═════ Supplied data

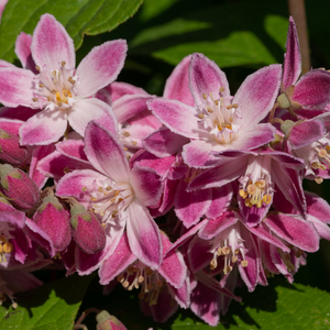 Variété : Le deutzia perle rose est un arbuste idéal pour les massifs. En effet sa floraison rose vif fait de cet arbuste un atout indispensable dans le jardin. Sa floraison a lieu de Mai à juin.
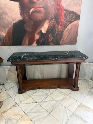 En venta elegante mueble recibidor/consola de alta calidad en perfecto estado. Una pieza robusta, atemporal y con acabados de lujo, ideal para entradas, salones o despachos con clase. Características principales: • Encimera: Mármol negro veteado auténtico con un grosor excepcional de 3 cm. • Estructura: Madera maciza en tono cálido con detalles de columnas estriadas. • Estado: Impecable, muy bien cuidada. • Medidas: 157 cm (largo) x 51 cm (fondo) x 87 cm (alto). Es un mueble muy pesado debido a la calidad del mármol y la madera, lo que garantiza su estabilidad y durabilidad para toda la vida. 📍 Ubicación: Sevilla Centro.
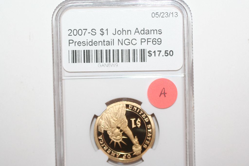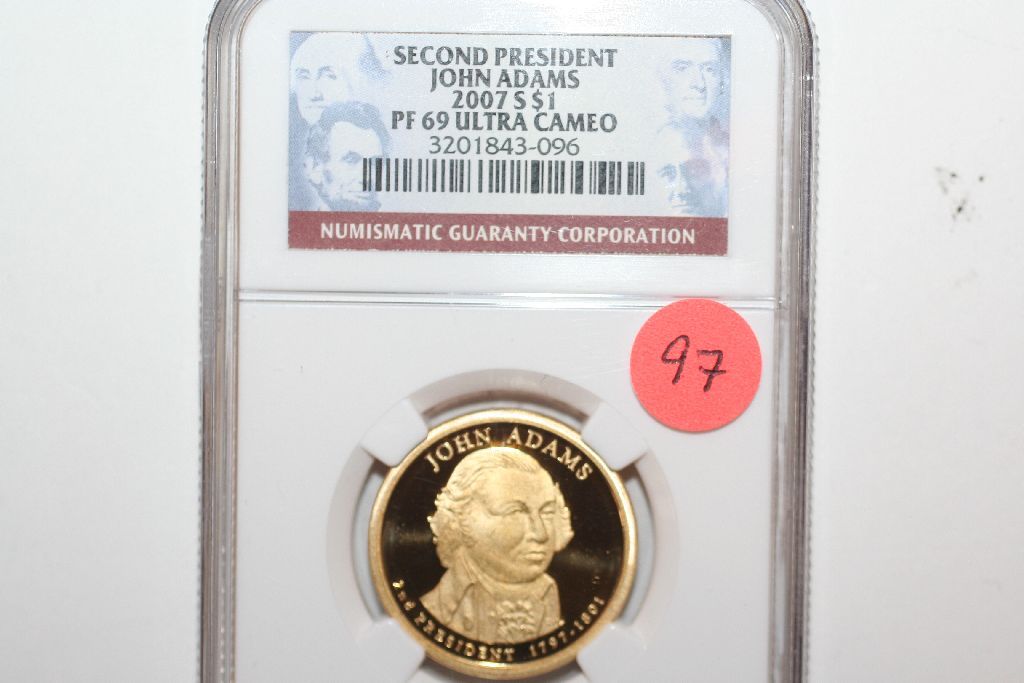 This lot is an ngc graded 2007-s john adams presidential $1 coin; Pf-69
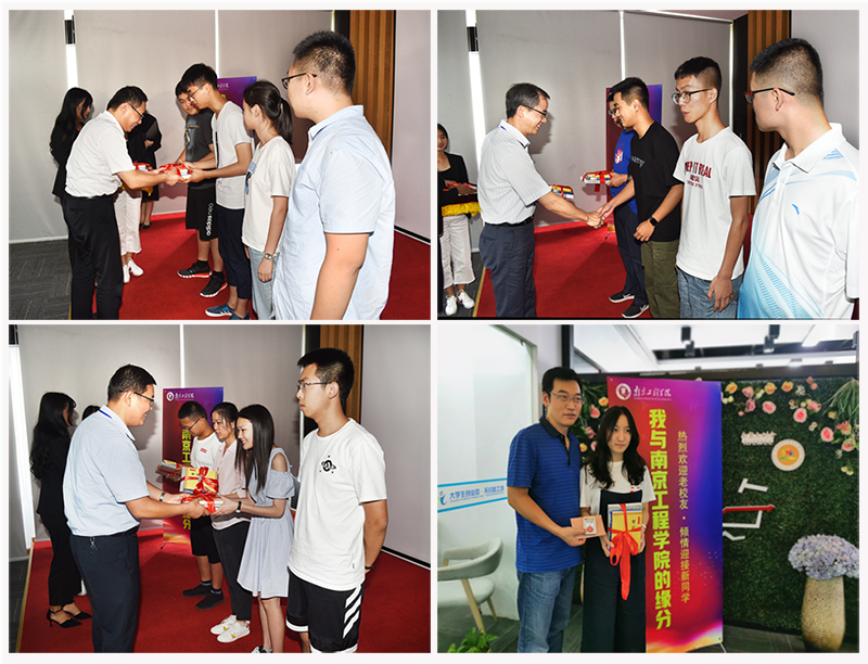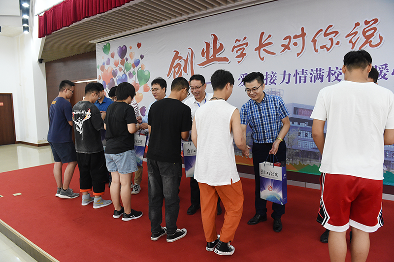 从送爱心早餐到送生活用品,从南工程走出的青年创客们每年都会想着法子为新生准备礼物,今年,从大学生创业园成长起来王劲军、贺龙、张翔、夏伟强、唐虎、徐飞等6家企业负责人主动联系学校,为550多名办理生源地助学贷款的新生送上一份生活用品礼包。除此之后,他们每个人都给学弟学妹写了一封信,与他们分享创业历程,勉励学弟学妹珍惜在南工程的四年时光,立志在创新创业创造的时代大潮中建功立业。下午,张仰飞副院长来到活动现场,与创业学长代表一起将爱心大礼包放给新同学,并寄语他们要自强不息、无惧困难;要奋发有为、成长成才;要学会感恩,爱国爱校。

══════════

Give back the whole listing exactly as it stands. Drop every picture.

_Completed exercise_
 Variété : Le deutzia perle rose est un arbuste idéal pour les massifs. En effet sa floraison rose vif fait de cet arbuste un atout indispensable dans le jardin. Sa floraison a lieu de Mai à juin.
 En venta elegante mueble recibidor/consola de alta calidad en perfecto estado. Una pieza robusta, atemporal y con acabados de lujo, ideal para entradas, salones o despachos con clase. Características principales: • Encimera: Mármol negro veteado auténtico con un grosor excepcional de 3 cm. • Estructura: Madera maciza en tono cálido con detalles de columnas estriadas. • Estado: Impecable, muy bien cuidada. • Medidas: 157 cm (largo) x 51 cm (fondo) x 87 cm (alto). Es un mueble muy pesado debido a la calidad del mármol y la madera, lo que garantiza su estabilidad y durabilidad para toda la vida. 📍 Ubicación: Sevilla Centro.
 This lot is an ngc graded 2007-s john adams presidential $1 coin; Pf-69
 从送爱心早餐到送生活用品,从南工程走出的青年创客们每年都会想着法子为新生准备礼物,今年,从大学生创业园成长起来王劲军、贺龙、张翔、夏伟强、唐虎、徐飞等6家企业负责人主动联系学校,为550多名办理生源地助学贷款的新生送上一份生活用品礼包。除此之后,他们每个人都给学弟学妹写了一封信,与他们分享创业历程,勉励学弟学妹珍惜在南工程的四年时光,立志在创新创业创造的时代大潮中建功立业。下午,张仰飞副院长来到活动现场,与创业学长代表一起将爱心大礼包放给新同学,并寄语他们要自强不息、无惧困难;要奋发有为、成长成才;要学会感恩,爱国爱校。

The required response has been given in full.